### [Task item]
Below are the records; copy exactly the lines from the first through the one containing "WS BEEF KING // SERVICE SIRE TO LOT 74", both included, and leave out the pictures.
(Provided information begins)
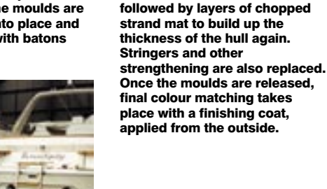
edges tapered, the moulds are carefully eased into place and
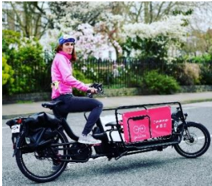
Figure 1: models of cargo bikes and micro-electric vehicles
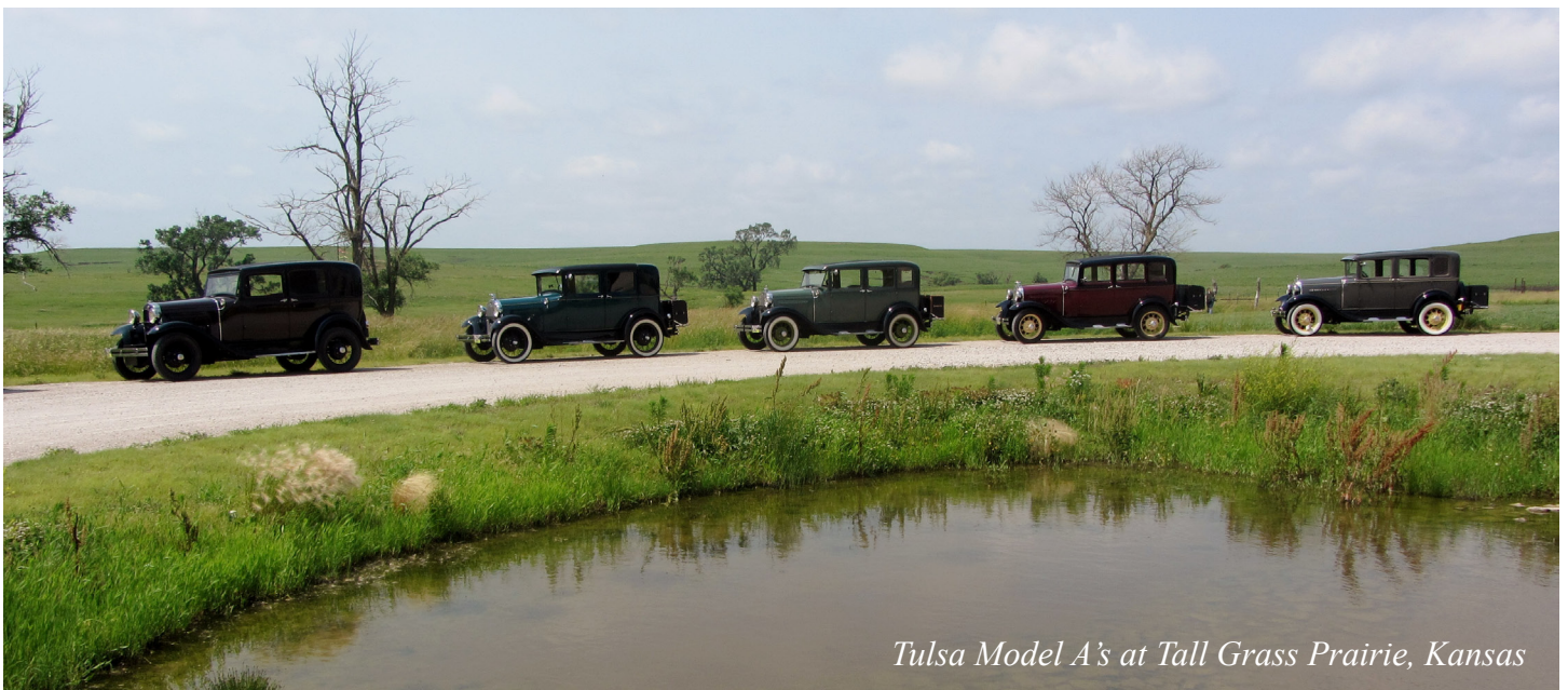
Tulsa Model A's at Tall Grass Prairie, Kansas
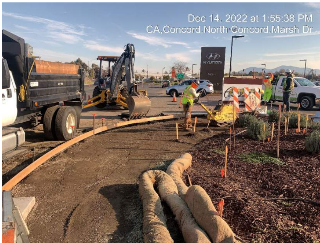
Figure 3 – Curb Ramp at Dealership
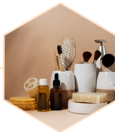
Personal Care & Cosmetics
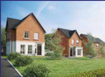
BALLYVEIGH Antrim BT41 2GW
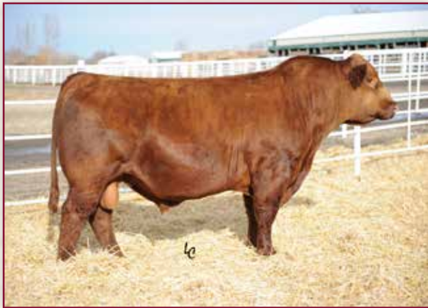
WS BEEF KING // SERVICE SIRE TO LOT 74

There are 20 bred cows for sale. Most are pasture bred to our Herd Sires with several bred to WS Beef King. Included is a small dispersion of daughter Makayla's five cows. Four of the five are AI bred and sexed. All cows will be PG checked again. They are all poured and been on Scour Bos 9 pre calving program. There are four young cows we chose who are bred to WS Prime Time, the bull we sold half interest to C Diamond last year.
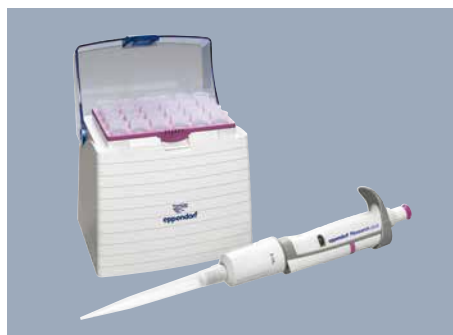
Broad range of pipettes from 0.1\ \mu\text{L} to 10\ \text{mL} . The complementary set of epT.I.P.S. ® allows for stress-free and contamination-free work.
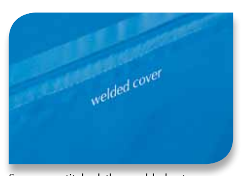
Seams are stitched, then welded or tape sealed for maximum infection control
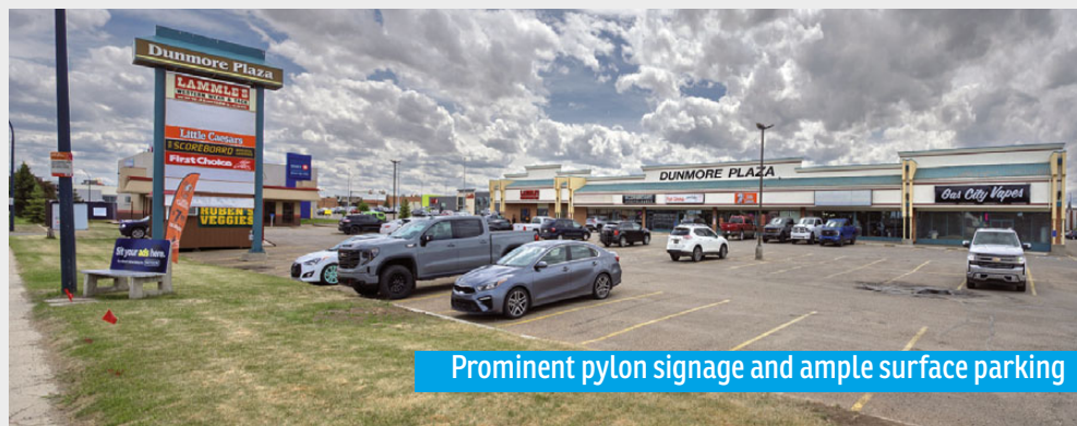
Prominent pylon signage and ample surface parking
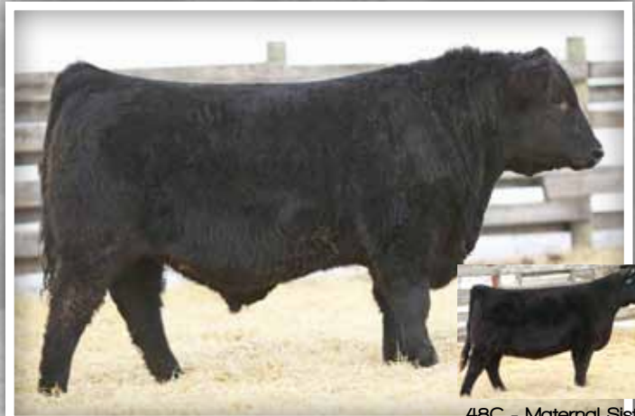
48C - Maternal Sister
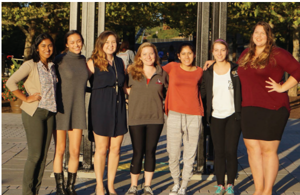
UR HEAL, a student organization that provides health care services to low-income Rochester community members, was chosen as the first-ever recipient of the Rochester Center for Community Leadership's Community Engagement Challenge grant in April 2017.
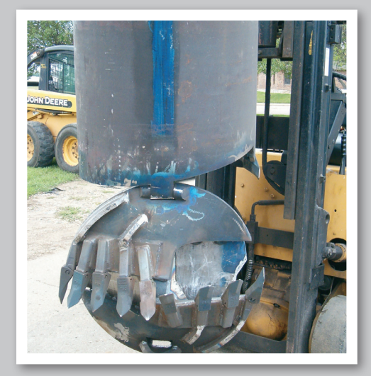
Drop Bottom Buckets

Gus Pech Mfg. Co., Inc. builds a complete line of drilling buckets and tooling for your drilling operations. We manufacture drop bottom buckets, coring, clam-core, plunger style, belling and water bailers.
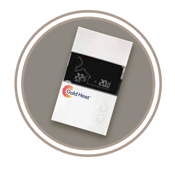
Thermostat that includes a floor heat sensor
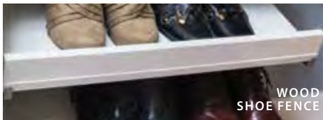
WOOD SHOE FENCE
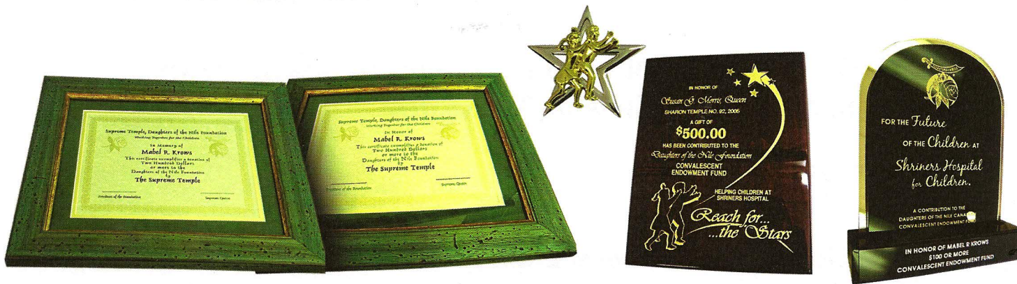
In Memory Of
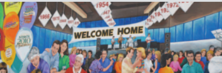
Members of the Nipawin Art Club | 4'x8' Acrylic on Crezone | 224 Centre St

Homecomings bring many things, including joy, dancing, music, and visiting. Commissioned by the Homecoming 2010 committee, this mural depicts the typical "homecoming". Included in the mural are 10+ hearts at various locations. The artist included these as a reminder that "all hearts come from homecoming". In addition to the Homecoming scene, the top right shows the four Hudson cars won at Nipawin's first car bonspiel in 1947; a curler in the traditional curling pose of the day and a golfer reminding us of Nipawin's beautiful golf course, the Evergreen. Evergreen Centre was chosen as the location for the mural, for all but one of the six homecomings were hosted here.
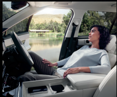
Front Relaxation Seat
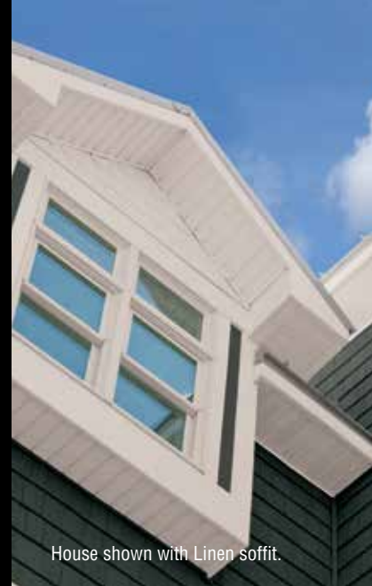
House shown with Linen soffit.

Built weather-tough, Gentek soffit will protect the hard-to-reach areas of your home with a resilient finish that never needs to be painted. Choose solid and vented profiles to create the ideal soffit system for your home.
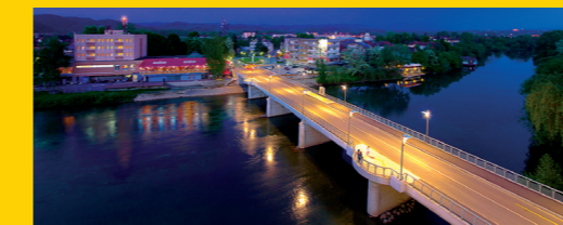
Rekonstrukcija mosta preko rijeke Sane u Sanskom Mostu/ Reconstruction of bridge over Sana river in Sanski most
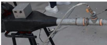
Figure 3. Torch connection via fan

Due to the high temperatures reached by the furnace, a torch connected by a fan was adapted to drive the gas and increase combustion
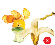
NO Food or Liquids NO comida o líquidos

No Incluir En Su Contenedor De Reciclaje
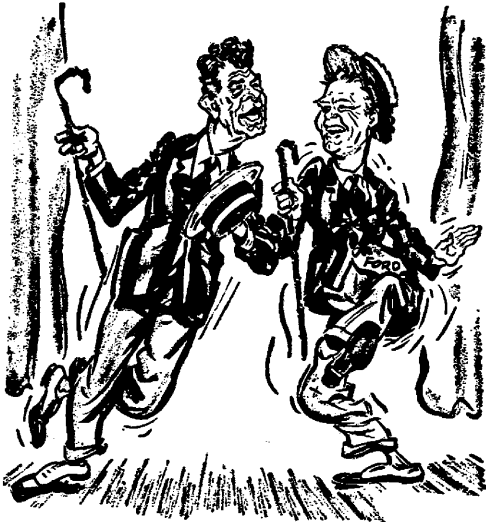
Crockett, Washington Star
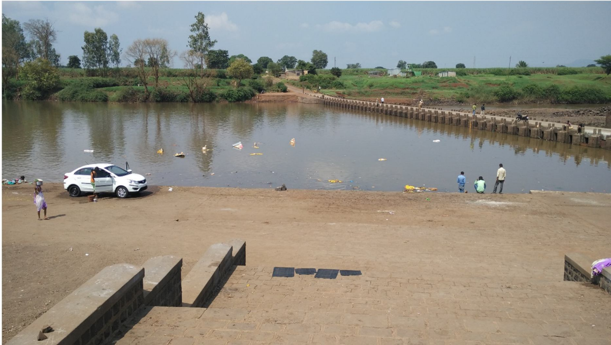
Figure 2. Rajaram Bandhara Kolhapur district Maharashtra India
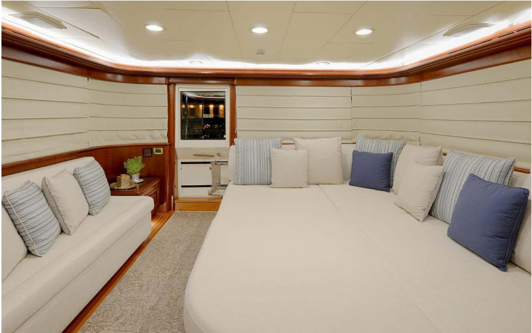
Upper Lounge & Helm Station
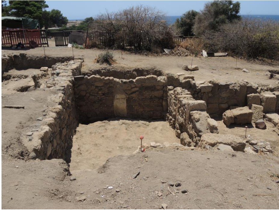
Fig. 8. Nora, Area Gamma III, Vano A (ISTHMOS Project).
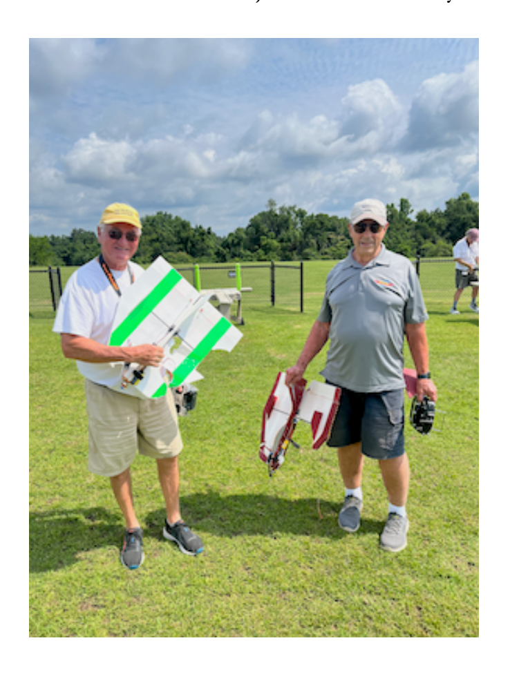
The midair remains!
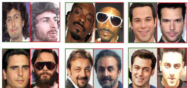
Figure 6. The Figure shows eg. of False Positives i.e. both the images in each of the six pairs are of the different identity (the one with green border is the genuine image and the one with the red border is the imposter image), but our model says that the two images are that of the same identity.

Our success cases are shown in Figure 7, in which we show both False Negatives and True Positives . The pairs highlighted in green are of the same identity, one being the genuine image and the other being the disguised image whereas the pairs in which one of the images is highlighted
(Provided information ends)
### [Answer to this exercise]
edges tapered, the moulds are carefully eased into place and
Figure 1: models of cargo bikes and micro-electric vehicles
Tulsa Model A's at Tall Grass Prairie, Kansas
Figure 3 – Curb Ramp at Dealership
Personal Care & Cosmetics
BALLYVEIGH Antrim BT41 2GW
WS BEEF KING // SERVICE SIRE TO LOT 74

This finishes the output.